Nenek tua itu sepanjang hidupnya selalu menjaga kehormatan, setiap gerak-geriknya adalah teladan seorang wanita bangsawan. Hari ini, sampai dua kali ia memukul Chen, menunjukkan betapa besar kemarahannya.

“Kau tak pernah berpikir, meski misal Lán benar-benar membatalkan pertunangan dengan keluarga Yan lalu menikah ke keluarga Wei, dengan aib seperti ini, tujuh adik Lán yang perempuan, akan memikul beban nama buruk seperti apa?”

Nenek tua itu memang tak pernah menyangkal ia berat sebelah. Dulu, ketika Gu Jinlin masih gadis, ia lebih menyayangi putrinya dibanding putranya.

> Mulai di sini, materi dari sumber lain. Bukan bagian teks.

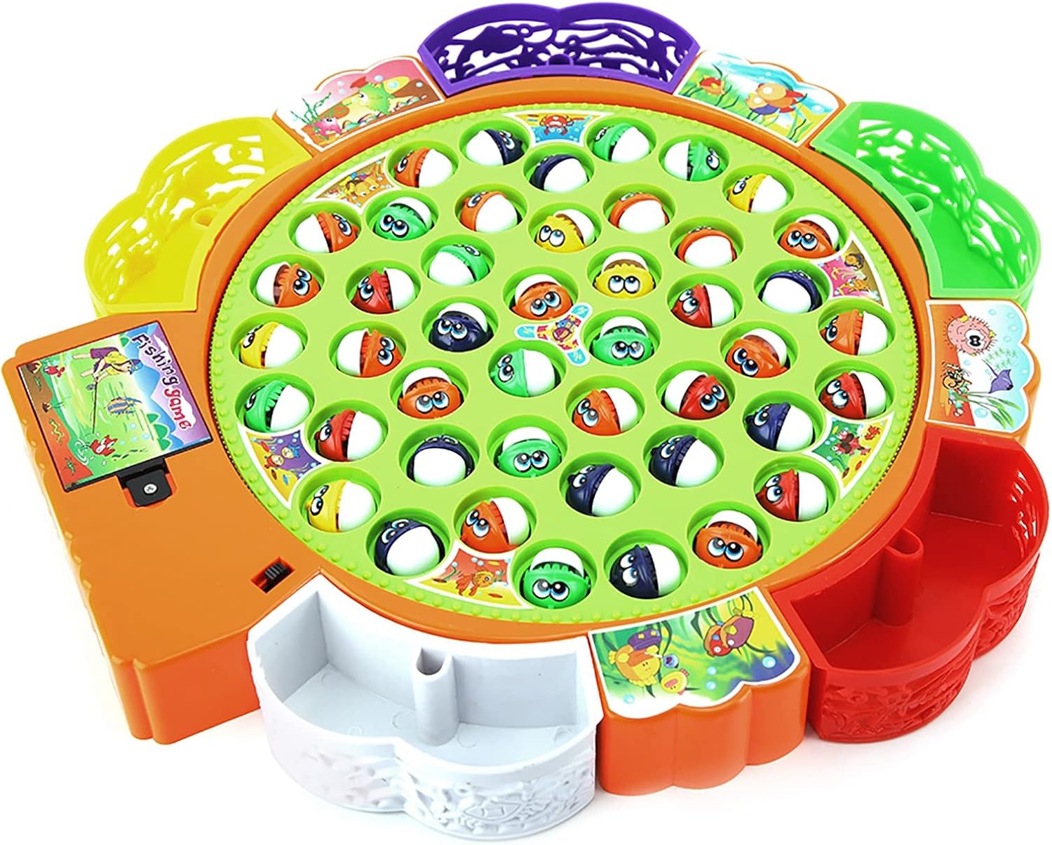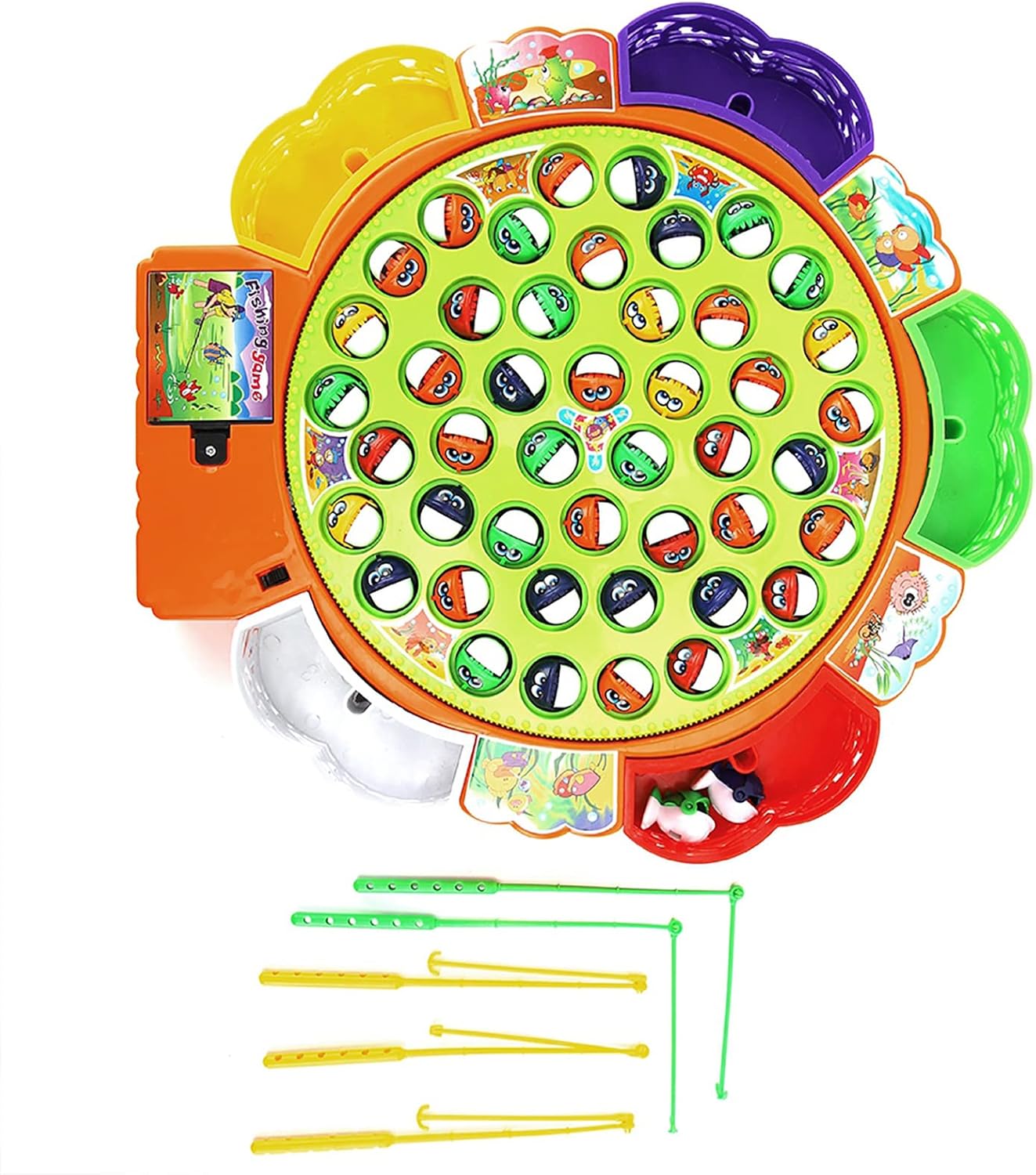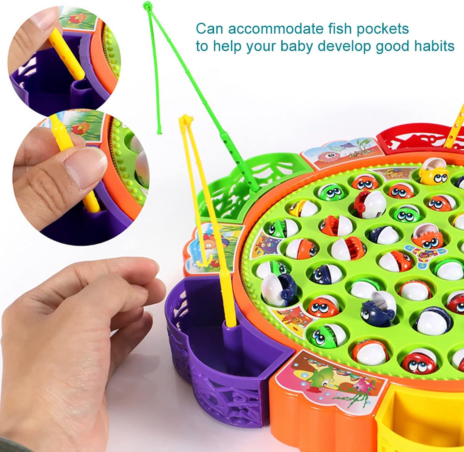1. Può ospitare tasche per pesci per aiutare il tuo bambino a sviluppare buone abitudini 2. Aggiorna la canna da pesca, flessibile, facile da pescare e più resistente 3. Migliora i piccoli pesci, aumenta la bocca dei pesci e rendili più facili da catturare 4,5 persone possono giocare contemporaneamente, l'interazione genitore-figlio è più interessante 5. Con musica accattivante e luci a LED lampeggianti (il suono può essere disattivato).

Kini, dari delapan cucu perempuan keluarga Gu, ia paling menyayangi putri ketujuh, Huan.

Namun, seberat apapun pilih kasihnya, pada cucu-cucu perempuan lainnya ia tetap nenek yang penuh kasih. Kejadian yang nyaris terjadi karena perbuatan Chen, hampir saja menyeret semua cucu perempuannya ke dalam aib, bagaimana mungkin ia tak marah?

Suara gelang tasbih yang pecah di lantai terdengar nyaring di telinga Chen, hatinya dipenuhi penyesalan, namun lebih banyak kebingungan.

Sejak dulu di keluarga Chen, ia hanyalah anak perempuan yang tak disayang, lahir dari selir.

Di balik tembok tinggi rumah keluarga terpandang, perbedaan antara anak utama dan anak selir bukan hanya soal asal-usul. Yang benar-benar membedakan adalah pendidikan yang mereka terima sejak kecil.

Dua kakak perempuan Chen dari istri utama, sejak kecil dibimbing dengan penuh perhatian oleh ibu mereka, dan setelah beranjak dewasa, selalu dibawa serta untuk belajar mengelola urusan rumah tangga, menundukkan para pelayan, mengatur hubungan sosial...

Semua itu, tidak pernah dialami Chen.

Karena itu, ketika ia merencanakan untuk menjebak putri kandungnya sendiri, ia sama sekali tak memikirkan lebih jauh apa akibat perbuatannya bagi putrinya, ataupun bagi seluruh keluarga Gu.

Untuk pertama kalinya dalam hidup, Chen mulai memahami hal-hal tersembunyi ini lewat teguran orang lain, namun sayangnya, itu terjadi setelah ia gagal menjebak putrinya sendiri.

Setelah beberapa kali meluapkan amarah, kini nenek tua itu berhasil menahan amarahnya, menatap Chen dengan dingin, “Katakan, mengapa kau lebih rela memaksa Lán sampai mati, daripada membiarkannya menikah ke keluarga Wei?”

Hati Chen bergetar hebat, tapi ia hanya menundukkan kepala, tak berani mengucapkan sepatah kata pun.

Wajah nenek tua itu berubah dingin, “Kau kira kalau kau diam, tak ada yang bisa menebak? Keluarga Wei hanyalah keluarga jatuh miskin. Jika saja bukan karena Wei, selir tua, setidaknya telah melahirkan dua putra bagi kakek tua—anak ketiga dan ketujuh—maka dengan segala perbuatan keluarga Wei yang selama ini menunggangi nama besar keluarga Gu, sudah dari dulu mereka dilenyapkan.”

“Keluarga Wei tak punya apa-apa yang kau inginkan. Kau bagaimanapun juga adalah nyonya ketiga di keluarga Gu, masa kau tergiur harta benda keluarga Wei yang tak seberapa...”

“Jadi, semua ini berkaitan dengan Wei, selir tua, di kuil keluarga?”

“Wei, selir tua, yang mengisyaratkan kau melakukan ini, atau ia menjanjikan sesuatu padamu?”

Setiap kata, setiap kalimat, bagai genderang berat yang terus-menerus menghantam hati Chen.